Data for the task:
+--

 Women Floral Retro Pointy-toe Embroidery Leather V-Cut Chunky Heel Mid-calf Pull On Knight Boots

+--

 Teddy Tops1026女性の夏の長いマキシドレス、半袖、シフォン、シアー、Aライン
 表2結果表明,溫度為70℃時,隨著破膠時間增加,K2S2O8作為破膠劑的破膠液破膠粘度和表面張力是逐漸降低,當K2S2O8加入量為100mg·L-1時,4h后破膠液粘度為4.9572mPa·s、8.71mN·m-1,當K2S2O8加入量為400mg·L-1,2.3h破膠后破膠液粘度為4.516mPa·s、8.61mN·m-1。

+--

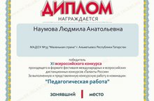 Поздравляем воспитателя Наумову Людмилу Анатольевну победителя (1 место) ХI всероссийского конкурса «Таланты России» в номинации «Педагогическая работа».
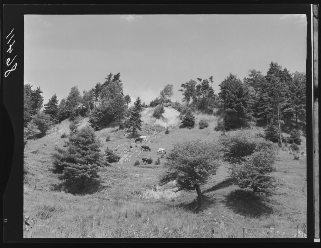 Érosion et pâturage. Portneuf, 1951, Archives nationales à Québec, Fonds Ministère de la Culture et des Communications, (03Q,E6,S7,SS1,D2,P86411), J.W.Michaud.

+--

Task details: Look above for the line with "Teddy Tops1026" and the line with "表2結果表明,溫度為70℃時". Retype those two lines and every line between them exactly, adding nothing.

Answer for the task:
 Teddy Tops1026女性の夏の長いマキシドレス、半袖、シフォン、シアー、Aライン
 表2結果表明,溫度為70℃時,隨著破膠時間增加,K2S2O8作為破膠劑的破膠液破膠粘度和表面張力是逐漸降低,當K2S2O8加入量為100mg·L-1時,4h后破膠液粘度為4.9572mPa·s、8.71mN·m-1,當K2S2O8加入量為400mg·L-1,2.3h破膠后破膠液粘度為4.516mPa·s、8.61mN·m-1。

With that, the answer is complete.